Les Lettres, Proust les connaissait évidemment très bien, pour pouvoir en prêter une connaissance si précise à ses personnages. Mais comment les lisait-il ? Quelle était son appréciation ? Ou plutôt : comment, lisant son roman (et non ses essais), ses lecteurs peuvent-ils affiner leur propre lecture des Lettres et mieux les apprécier ? Que donne l'espace du roman, avec ses personnages si finement différenciés, et maintes fois différenciés d'eux-mêmes, à l’appréciation des œuvres?
Il faut se reporter pour en juger à la première apparition dans le roman de Monsieur de Charlus qui, malgré certains traits équivoques, n’apparaît alors au narrateur que comme un homme ostentatoirement viril, un homme à femmes. Sur le conseil de sa grand-mère, le narrateur lit Mme de Sévigné, avec admiration, et apprend à distinguer chez cet auteur « les particularités purement formelles », traits de style qu’un pastiche saurait accentuer (« Faner est la plus jolie chose du monde »), et « les vraies beautés », que sa grand-mère lui avait appris à aimer, parce qu’elle « était venue à celle-ci par le dedans, par l'amour pour les siens, pour la nature ». Cette distinction est approfondie un peu plus loin, toujours dans À l'ombre des jeunes filles en fleurs, lorsque Mme de Villeparisis, tante de Charlus, dit « qu’elle voyait un peu de littérature dans ce désespoir d’être séparée de cette ennuyeuse Mme de Grignan ». Charlus réagit vivement à cette critique (qui cependant ne manquait pas de pertinence, quand on sait combien étaient difficiles les relations entre la mère et la fille) « Rien au contraire, répondit-il, ne me semble plus vrai. C’était du reste une époque où ces sentiments-là étaient bien compris. »

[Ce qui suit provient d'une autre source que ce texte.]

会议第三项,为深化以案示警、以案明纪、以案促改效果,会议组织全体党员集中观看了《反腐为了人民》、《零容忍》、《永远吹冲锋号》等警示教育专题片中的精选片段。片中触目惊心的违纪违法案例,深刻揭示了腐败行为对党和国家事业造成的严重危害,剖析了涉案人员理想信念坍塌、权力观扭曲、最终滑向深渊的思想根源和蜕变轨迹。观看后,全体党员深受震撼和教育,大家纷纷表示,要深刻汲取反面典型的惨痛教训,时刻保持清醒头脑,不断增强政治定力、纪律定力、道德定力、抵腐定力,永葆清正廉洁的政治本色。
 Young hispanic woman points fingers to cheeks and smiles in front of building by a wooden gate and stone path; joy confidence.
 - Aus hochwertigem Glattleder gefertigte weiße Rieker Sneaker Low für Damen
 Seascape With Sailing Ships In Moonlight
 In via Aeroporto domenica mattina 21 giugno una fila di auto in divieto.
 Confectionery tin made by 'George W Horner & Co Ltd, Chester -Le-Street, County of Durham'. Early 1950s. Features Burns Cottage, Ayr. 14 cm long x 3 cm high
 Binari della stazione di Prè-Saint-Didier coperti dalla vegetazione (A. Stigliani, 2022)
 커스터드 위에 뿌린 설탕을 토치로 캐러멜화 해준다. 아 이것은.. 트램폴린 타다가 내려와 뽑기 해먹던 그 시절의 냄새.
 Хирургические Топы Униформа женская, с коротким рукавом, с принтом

Comprendre un auteur « par le dedans », ce serait ne pas se contenter d'examiner anxieusement la lettre du texte, mais savoir puiser dans une expérience de la vie pour ressaisir par exemple ce qu’est la peine d’être privé de quelqu’un qu’on aime, quel que ce soit ce quelqu'un. L’épisode semble inciter à conclure qu’il y a une lecture pure, dégagée de la mondanité superficielle ou de l’érudition universitaire, une lecture qui s’attacherait à ressaisir le contenu humain, sentimental de l’œuvre qu’on lit, à y voir la trace d’une expérience dont chaque lecteur retrouverait en lui-même la valeur : l’affection, la douleur, bref les grands sentiments humains au premier rang desquels l'amour, si l’on en croit M. de Charlus. Lorsque sa tante lui réplique, car elle ne se laisse pas aisément réduire au silence, que chez Mme de Sévigné « ce n’était pas de l'amour, c’était de sa fille qu’il s'agissait », il répond : « Mais l’important dans la vie n’est pas ce qu’on aime, reprit-il d'un ton compétent, péremptoire et presque tranchant, c’est d’aimer. » Et de placer au même niveau cet amour maternel etla passion que Racine a dépeinte dans Andromaque ou dans Phèdre.

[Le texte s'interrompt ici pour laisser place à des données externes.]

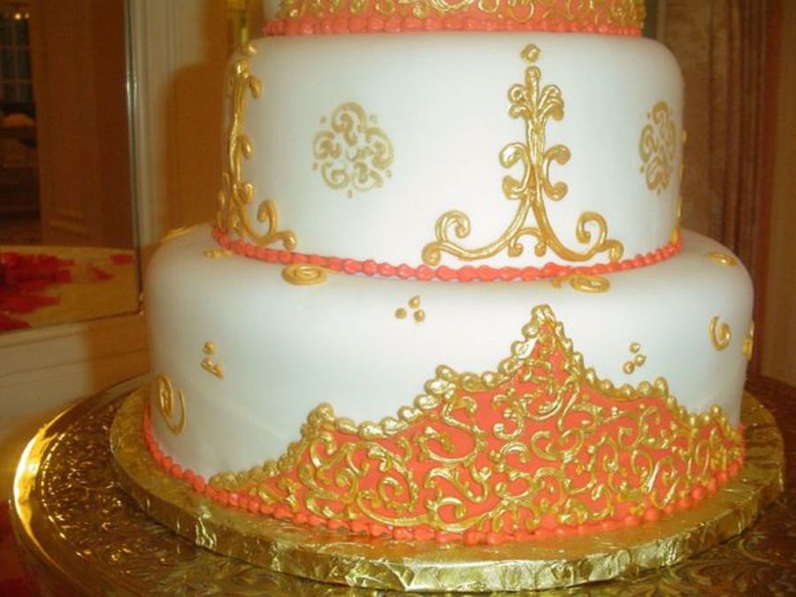 Such ornate detail. I bet painting all of that was very tedious. Kudos for not getting any of the gold on the white fondant.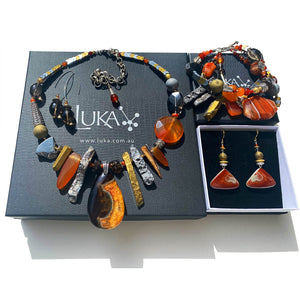 This set is delicious in Mars & Venus - warm gold- smoky Quartz - Carnelian - Agates- sort of way! Yet there is enough silver in there (plated Druzy Agate) to counterbalance the warmth with cool. Can you tell - I really love this s - which was inspired by a frosty morning sunrise at Uluru. The main earring stone is Noreena Jasper from Western Australia.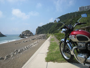 9月6日 とうとう大型バイクが来ました。 あこがれの「W650」kawasaki 朝、納車されると、さっそく試運転に渥美半島の先端、伊良湖岬まで走ってきました。 とっても乗りやすいバイク。

La question semble alors entendue, même si le lecteur du roman sait d’expérience que ce qu’il cherche ou trouve dans la lecture est plus varié, allant du divertissement à l’élévation spirituelle, avec toutes sortes de paliers intermédiaires. Même si surtout il a été attentif aux adjectifs soigneusement choisis par Proust pour qualifier le ton du baron, « compétent, péremptoire et presque tranchant » : il y a visiblement là quelque chose de trop, et le lecteur du roman, qui va découvrir au fil de sa lecture les aspects encore un peu cachés, et quasi balzaciens, du personnage qui tranche ainsi, a quelque raisons de rester perplexe, ou rêveur.
Dans ses « Journées de lecture », rédigées avant le roman en préface à la traduction de Sésame et les Lys de Ruskin, Proust avait déjà donné une éloquente expression à une telle conception épurée de la lecture, dégagée de la mondanité, de « l’amabilité », des « agitations de l’amitié », qui faisaient que chacun se souciait trop des autres, et pas assez du livre lu, sans « déférence non plus » à l’égard du livre, mais dans le bonheur simple de sa fréquentation, sans « grimaces ». Il est vrai que cette préface, pré-romanesque si l’on peut dire, et chargée de souvenirs d’enfance, procède à l’éloge paradoxal et humoristique d’un livre jadis aimé, malgré les défauts que l’auteur adulte reconnaît à son style et à son auteur, à savoir Le Capitaine Fracasse de Théophile Gautier, bien éloigné du sublime de Racine ou de Mme de Sévigné. De la lecture d’enfance à celle des plus grands auteurs, l’essai parcourt un vaste espace qu’il peuple de mille évocations nuancées et subtiles, comme s’il faisait sentir en lui-même une richesse de pensées et d’impressions auxquelles il ne manque que de trouver une forme plus satisfaisante.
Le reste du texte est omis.